**Description of the task**
Copy task for the material below: print the line with "[기사] 전동휠보드 위 바이올리니스트 내한 사역(국민일보)" and every line after it to the end, exactly as written, without the pictures.

**Input data**

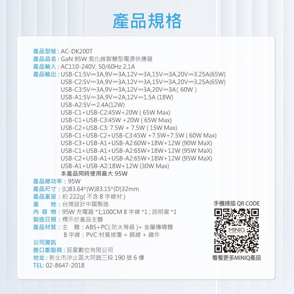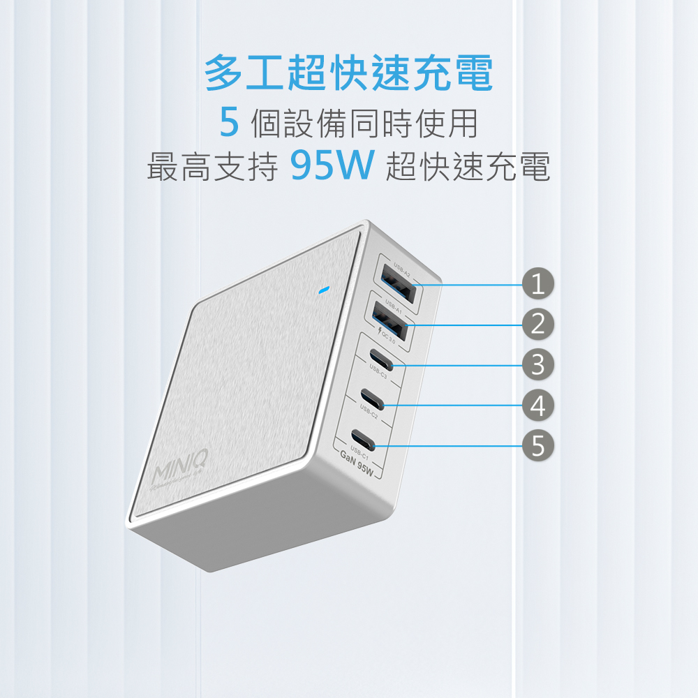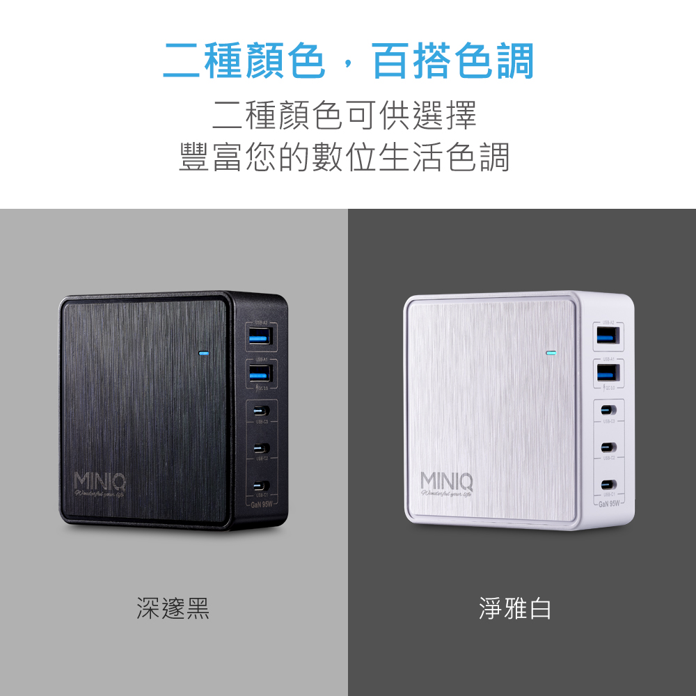【MINIQ】GaN 95W氮化鎵智慧型電源供應器(黑色)ACDK200T/B
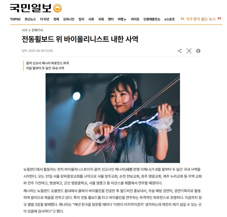 [기사] 전동휠보드 위 바이올리니스트 내한 사역(국민일보)
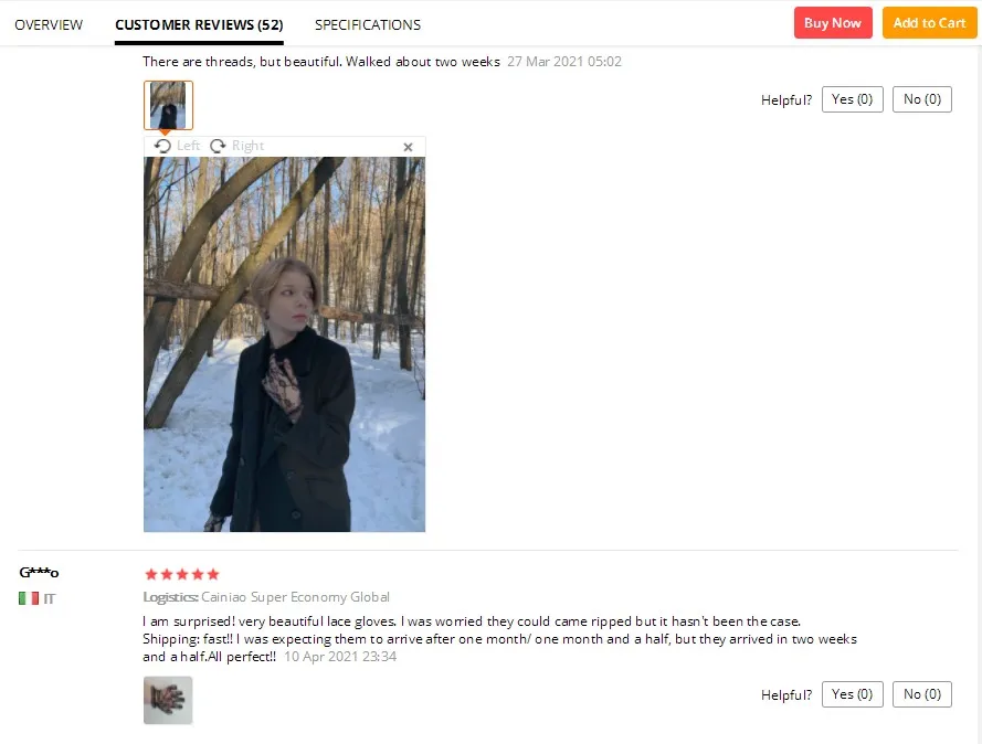 Я удивлен! Очень красивые кружевные перчатки. Я беспокоился, что они могут быть порванные, но это не было так. Доставка: быстрая! Я ожидала, что они прибудут через месяц/месяц с половиной, но они прибудут через две недели с половиной. Все идеально!

**Response to this task**
 [기사] 전동휠보드 위 바이올리니스트 내한 사역(국민일보)
 Я удивлен! Очень красивые кружевные перчатки. Я беспокоился, что они могут быть порванные, но это не было так. Доставка: быстрая! Я ожидала, что они прибудут через месяц/месяц с половиной, но они прибудут через две недели с половиной. Все идеально!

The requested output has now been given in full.